# Cyberbullying Detection App


Bullying has shifted from school recess encounters to the boundless frontiers of the digital world. Victims can be targeted whenever and wherever they are. Bullies on the other hand, can hide behind their computer screens and not have to confront their victims face-to-face: they can also hide behind false avatars and fake user names. 

The Nemours Foundation reports that cyberbullying's effects are always negative, and some cyberbullying victims experience catastrophic effects such as self-harm, depression and anxiety, and even suicide.

The famous microblogging platform Twitter has become a daily essential by having over 330 million monthly active users tweeting 5,787 messages every second (source). However, each passing day the platform is becoming a bully playground as hurtful tweets target individuals, especially teens in their fragile growing years. It is estimated that around 15,000 bullying-related tweets are posted every day (source). Furthermore another research suggests (source)

This app was created as an attempt tackle the cyberbullying phenomenon on Twitter: the target is to develop a tool that can identify tweets that contain any bullying content and to flag their occurrence. The tool can scale up to trigger events such as various immediate actions.

In [1]:
from pyspark import SparkConf, SparkContext
from pyspark.streaming import StreamingContext
from pyspark.streaming.kafka import KafkaUtils
import operator
import numpy as np
import sys
import matplotlib.pyplot as plt
import pickle
from __future__ import division
from collections import Counter, defaultdict
from math import log,isinf
import csv
import codecs
import re
import random
import json
import nltk
from lib import *

#### The first step would be to fetch Twitter data in real-time to then be able to analyze it and obtain the results we are looking for. We will use two different tools:

• Scraper: the tool will read the data from Twitter in real- time.

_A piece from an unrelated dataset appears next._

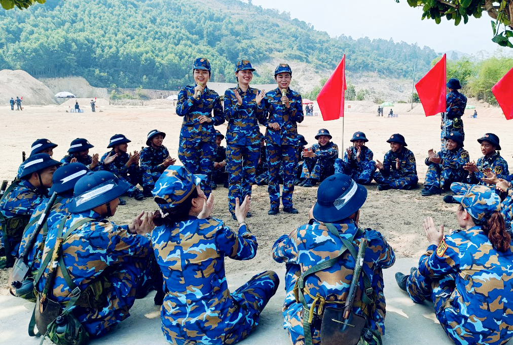 Phút giải lao trên thao trường của chiến sĩ với các hội viên hội phụ nữ

• Analyzer: this tool will listen to the Tweets obtained from the Scraper, preform the analysis and deliver  results.

In [2]:
def main():
    conf = SparkConf().setMaster("local[2]").setAppName("Streamer")
    sc = SparkContext(conf=conf)
    # Creating a streaming context with batch interval of 10 sec
    ssc = StreamingContext(sc, 10)
    ssc.checkpoint("checkpoint")
    
    filename = 'datasets/new_data.csv'
    target_class = '1'
    
    # Load the data
    [train_data, dev_data, test_data] = load_data_from_csv(filename)
    
    # Train the classifier
    classifier = train_classifier(train_data, target_class)
    
    # Evaluate the classifier   
    in_class = []
    not_in_class = []
    
    for datum in dev_data:
        if classify(classifier, datum):
            in_class.append(datum)
        else:
            not_in_class.append(datum)
    evaluate(target_class, in_class, not_in_class)
    
    filename = 'finalized_model.sav'
    pickle.dump(classifier, open(filename, 'wb'))
    
    stream2(ssc, 30)
    

### The Scraper
The scraper runs 3 tasks:

• Opens a socket

• Connects to the Twitter Streaming API

• Reads stream tweets from the Twitter streaming API

• Publishes/sends tweets to the port/socket in JSON format

In order to read Tweets, we first need to set variables that contain the user credentials to access the Twitter API.
We then specify a port/socket (that works as a channel) to publish the tweets to so that the Analyzer can then read streaming data from this same socket. We use an arbitrary port, bind a socket and local host and start streaming.

In [3]:
def stream2(ssc, duration):

    dataStream = ssc.socketTextStream("localhost",9092)
    dataStream.window(60)

    tweets = dataStream.flatMap(lambda line:line.split('\n'))
    print('-----------------------------------------')
    print('Start of Twitter Feed')
    print('-----------------------------------------')
    tweets.foreachRDD(rdd_classify)
     
    # Start the computation
    ssc.start()
    
    ssc.awaitTerminationOrTimeout(duration)
    ssc.stop(stopGraceFully = True)
    
    return 

### The Analyzer
The Analyzer uses Spark to:

• Bind to the specified socket

• Listen to the tweets published by the scraper by reading data sent to the socket

• Preprocess the Tweets

• Count “Bullying” versus “Not Bullying” tweets.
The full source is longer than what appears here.